= EnergyUnited =

EnergyUnited, based in Statesville, North Carolina, is the largest electric cooperative in North Carolina, serving nearly 125,000 metering points and 105,000 members. It was formed in 1998 by the merger of Crescent Electric Membership Corporation and Davidson Electric Membership Corporation.

==History==

===EnergyUnited===
On October 1, 1998, Crescent Electric Membership Corp. and Davidson Electric Membership Corp. merged, and the combined utility EnergyUnited Electric Membership Corp. had almost 90,000 customers in 18 North Carolina counties.

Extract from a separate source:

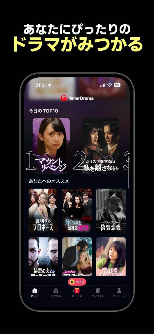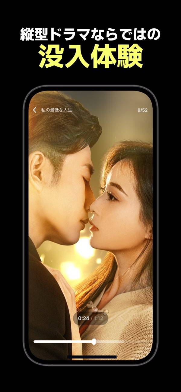 ショートドラマ入門としてピッタリのアプリがこちら。1話1分半ほどのショートドラマが多数配信されています。1分半と言えど内容は濃密で、続きが気になる心憎い見せ方となっています。

The company considered around 700 names, including Metrolina and Triad, but the name EnergyUnited reflected the possibility the company would diversify into other areas. Crescent executive vice president R.B. Sloan, Jr., an employee since 1973, became the chief executive officer, while Wayne Wilkins, Davidson executive vice president and an employee since 1971, became chief operating officer. The new company was North Carolina's largest electric cooperative, and seventh out of almost one thousand cooperatives in the country. The small number of customers in areas typically served by cooperatives meant higher power bills than those for investor-owned companies, but the territory of EnergyUnited included fast-growing areas which would have many customers, and bills would be lower as a result. EnergyUnited promised rates would drop five percent. No jobs were lost and no offices closed, though the company projected $38 million in savings over ten years.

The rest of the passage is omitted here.